**The data:**
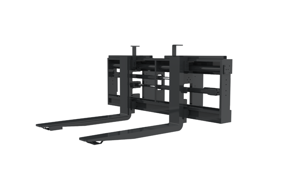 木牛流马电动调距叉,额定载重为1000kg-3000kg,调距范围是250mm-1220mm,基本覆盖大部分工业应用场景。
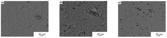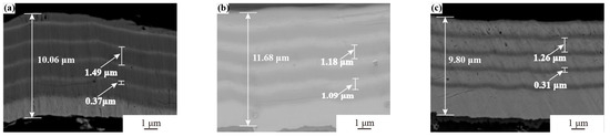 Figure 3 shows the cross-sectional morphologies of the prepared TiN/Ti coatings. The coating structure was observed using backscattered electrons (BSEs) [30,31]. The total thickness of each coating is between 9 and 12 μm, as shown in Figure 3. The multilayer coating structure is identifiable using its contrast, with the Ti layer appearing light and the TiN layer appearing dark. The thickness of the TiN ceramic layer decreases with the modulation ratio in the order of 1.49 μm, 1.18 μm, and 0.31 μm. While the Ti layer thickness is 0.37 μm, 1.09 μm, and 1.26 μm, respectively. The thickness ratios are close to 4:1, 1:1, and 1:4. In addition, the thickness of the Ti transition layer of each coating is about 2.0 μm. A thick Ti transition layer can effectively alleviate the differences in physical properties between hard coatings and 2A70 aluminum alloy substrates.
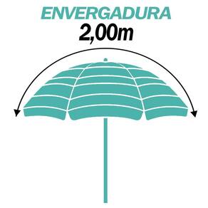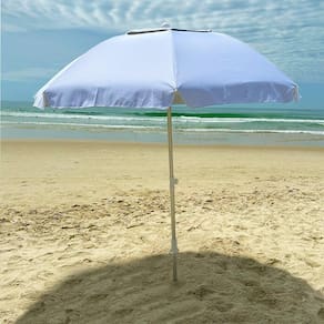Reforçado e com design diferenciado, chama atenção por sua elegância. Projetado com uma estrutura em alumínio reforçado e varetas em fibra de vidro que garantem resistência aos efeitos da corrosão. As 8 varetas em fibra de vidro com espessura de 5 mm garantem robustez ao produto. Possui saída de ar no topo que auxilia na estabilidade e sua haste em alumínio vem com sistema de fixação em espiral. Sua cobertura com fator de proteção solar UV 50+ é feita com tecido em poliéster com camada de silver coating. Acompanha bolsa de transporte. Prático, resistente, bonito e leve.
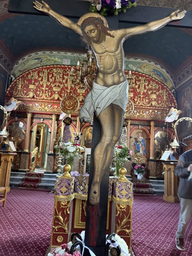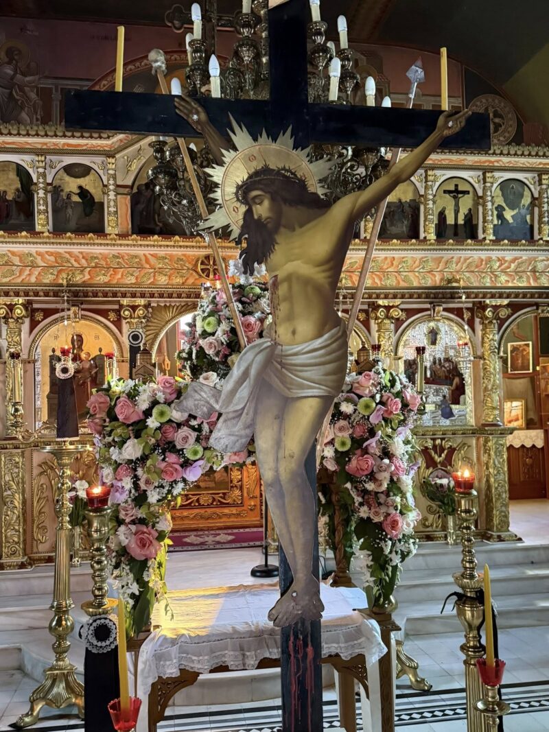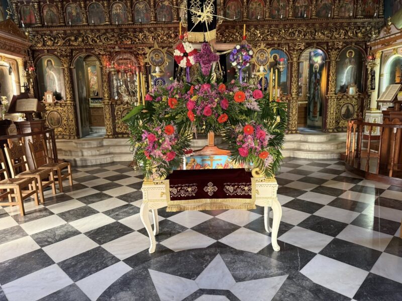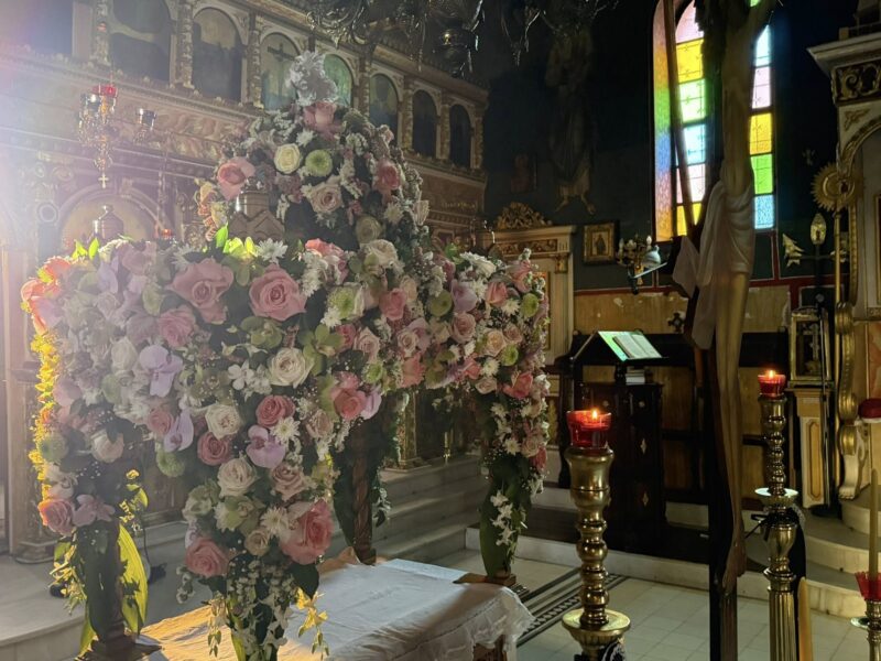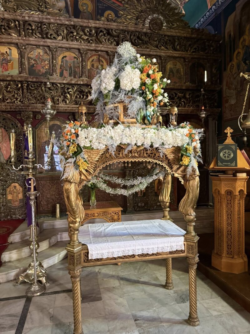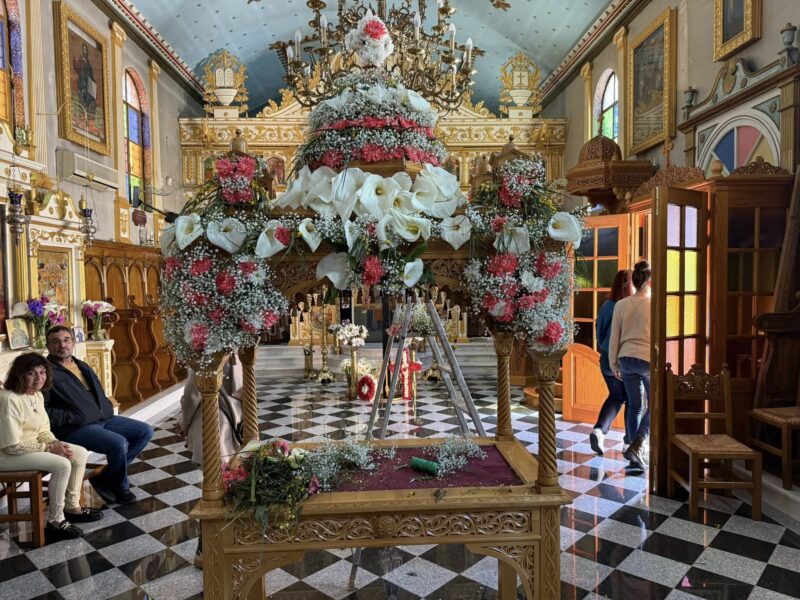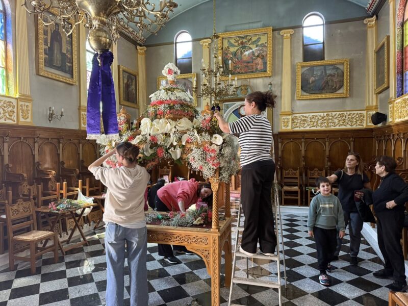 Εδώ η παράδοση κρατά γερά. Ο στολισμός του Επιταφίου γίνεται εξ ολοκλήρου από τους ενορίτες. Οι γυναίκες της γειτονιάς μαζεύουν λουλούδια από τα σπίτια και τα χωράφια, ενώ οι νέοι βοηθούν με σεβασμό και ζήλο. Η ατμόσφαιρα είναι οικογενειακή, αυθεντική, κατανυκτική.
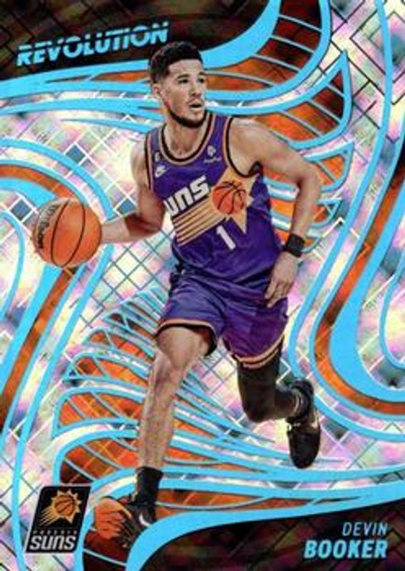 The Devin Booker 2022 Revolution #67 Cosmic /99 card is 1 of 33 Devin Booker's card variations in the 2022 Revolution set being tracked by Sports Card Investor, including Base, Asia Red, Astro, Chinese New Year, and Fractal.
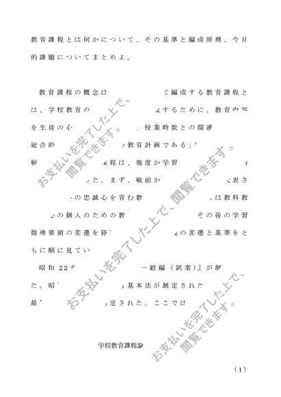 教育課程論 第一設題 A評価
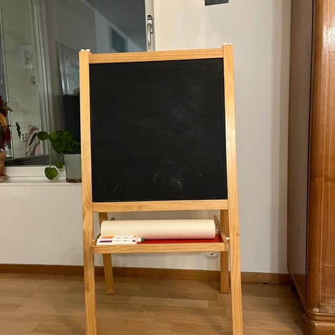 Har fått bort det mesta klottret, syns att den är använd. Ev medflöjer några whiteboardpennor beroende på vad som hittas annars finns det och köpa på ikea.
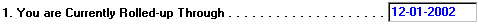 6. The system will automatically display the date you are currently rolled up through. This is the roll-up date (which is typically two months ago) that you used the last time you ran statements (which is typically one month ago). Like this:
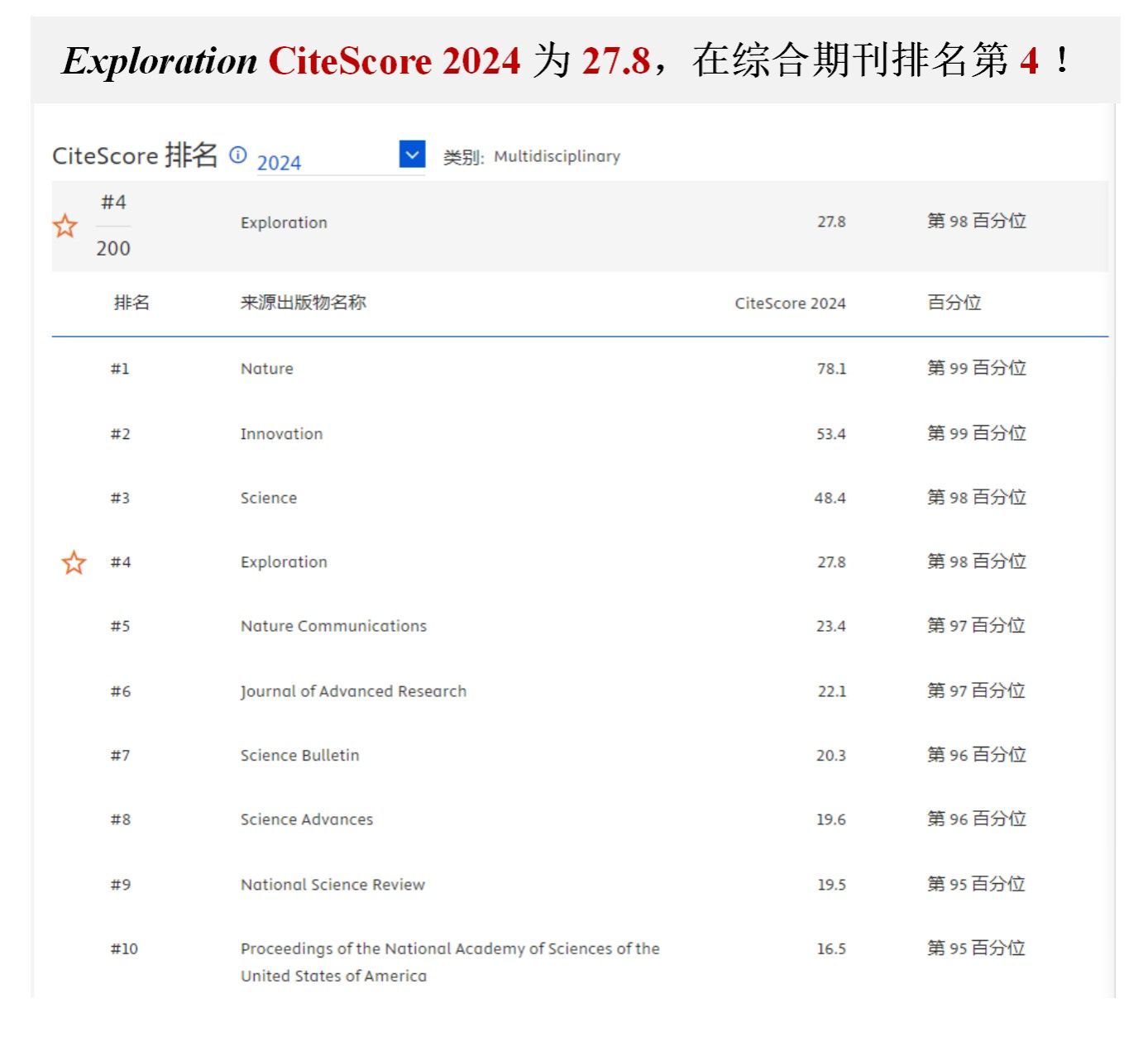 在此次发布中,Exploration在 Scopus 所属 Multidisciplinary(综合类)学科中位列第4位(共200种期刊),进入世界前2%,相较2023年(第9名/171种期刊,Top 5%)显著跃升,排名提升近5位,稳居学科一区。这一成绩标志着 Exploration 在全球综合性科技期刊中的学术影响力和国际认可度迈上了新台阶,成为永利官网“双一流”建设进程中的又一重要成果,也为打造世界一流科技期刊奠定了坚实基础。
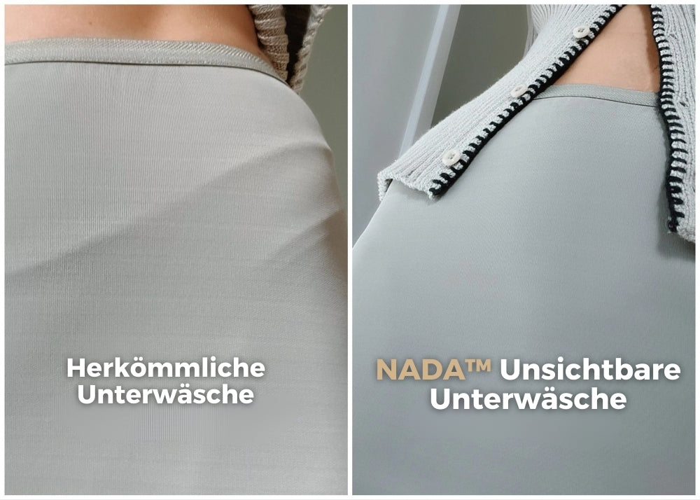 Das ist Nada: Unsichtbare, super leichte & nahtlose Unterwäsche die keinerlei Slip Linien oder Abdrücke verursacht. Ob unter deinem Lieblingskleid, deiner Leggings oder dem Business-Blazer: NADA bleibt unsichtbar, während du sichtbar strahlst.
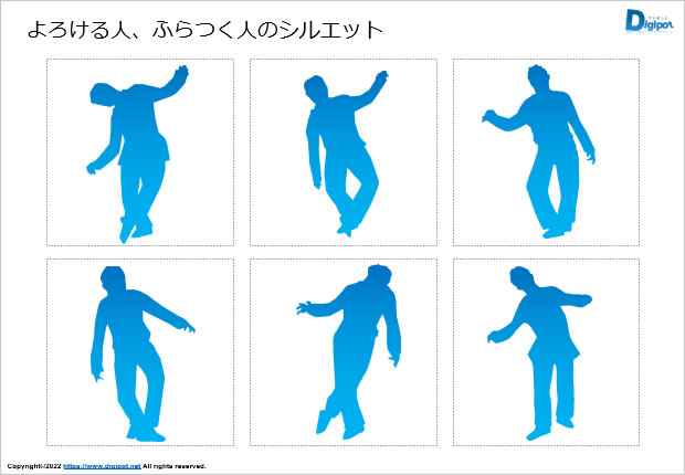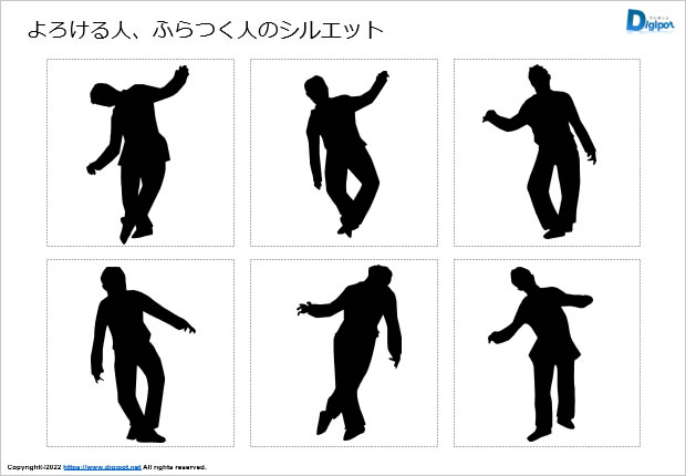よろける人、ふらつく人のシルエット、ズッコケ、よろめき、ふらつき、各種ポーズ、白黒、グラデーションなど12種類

**Problem requirements:**
Make an exact copy of the listing. Do not carry over its pictures.

**Written answer:**
 木牛流马电动调距叉,额定载重为1000kg-3000kg,调距范围是250mm-1220mm,基本覆盖大部分工业应用场景。
 Figure 3 shows the cross-sectional morphologies of the prepared TiN/Ti coatings. The coating structure was observed using backscattered electrons (BSEs) [30,31]. The total thickness of each coating is between 9 and 12 μm, as shown in Figure 3. The multilayer coating structure is identifiable using its contrast, with the Ti layer appearing light and the TiN layer appearing dark. The thickness of the TiN ceramic layer decreases with the modulation ratio in the order of 1.49 μm, 1.18 μm, and 0.31 μm. While the Ti layer thickness is 0.37 μm, 1.09 μm, and 1.26 μm, respectively. The thickness ratios are close to 4:1, 1:1, and 1:4. In addition, the thickness of the Ti transition layer of each coating is about 2.0 μm. A thick Ti transition layer can effectively alleviate the differences in physical properties between hard coatings and 2A70 aluminum alloy substrates.
Reforçado e com design diferenciado, chama atenção por sua elegância. Projetado com uma estrutura em alumínio reforçado e varetas em fibra de vidro que garantem resistência aos efeitos da corrosão. As 8 varetas em fibra de vidro com espessura de 5 mm garantem robustez ao produto. Possui saída de ar no topo que auxilia na estabilidade e sua haste em alumínio vem com sistema de fixação em espiral. Sua cobertura com fator de proteção solar UV 50+ é feita com tecido em poliéster com camada de silver coating. Acompanha bolsa de transporte. Prático, resistente, bonito e leve.
 Εδώ η παράδοση κρατά γερά. Ο στολισμός του Επιταφίου γίνεται εξ ολοκλήρου από τους ενορίτες. Οι γυναίκες της γειτονιάς μαζεύουν λουλούδια από τα σπίτια και τα χωράφια, ενώ οι νέοι βοηθούν με σεβασμό και ζήλο. Η ατμόσφαιρα είναι οικογενειακή, αυθεντική, κατανυκτική.
 The Devin Booker 2022 Revolution #67 Cosmic /99 card is 1 of 33 Devin Booker's card variations in the 2022 Revolution set being tracked by Sports Card Investor, including Base, Asia Red, Astro, Chinese New Year, and Fractal.
 教育課程論 第一設題 A評価
 Har fått bort det mesta klottret, syns att den är använd. Ev medflöjer några whiteboardpennor beroende på vad som hittas annars finns det och köpa på ikea.
 6. The system will automatically display the date you are currently rolled up through. This is the roll-up date (which is typically two months ago) that you used the last time you ran statements (which is typically one month ago). Like this:
 在此次发布中,Exploration在 Scopus 所属 Multidisciplinary(综合类)学科中位列第4位(共200种期刊),进入世界前2%,相较2023年(第9名/171种期刊,Top 5%)显著跃升,排名提升近5位,稳居学科一区。这一成绩标志着 Exploration 在全球综合性科技期刊中的学术影响力和国际认可度迈上了新台阶,成为永利官网“双一流”建设进程中的又一重要成果,也为打造世界一流科技期刊奠定了坚实基础。
 Das ist Nada: Unsichtbare, super leichte & nahtlose Unterwäsche die keinerlei Slip Linien oder Abdrücke verursacht. Ob unter deinem Lieblingskleid, deiner Leggings oder dem Business-Blazer: NADA bleibt unsichtbar, während du sichtbar strahlst.
よろける人、ふらつく人のシルエット、ズッコケ、よろめき、ふらつき、各種ポーズ、白黒、グラデーションなど12種類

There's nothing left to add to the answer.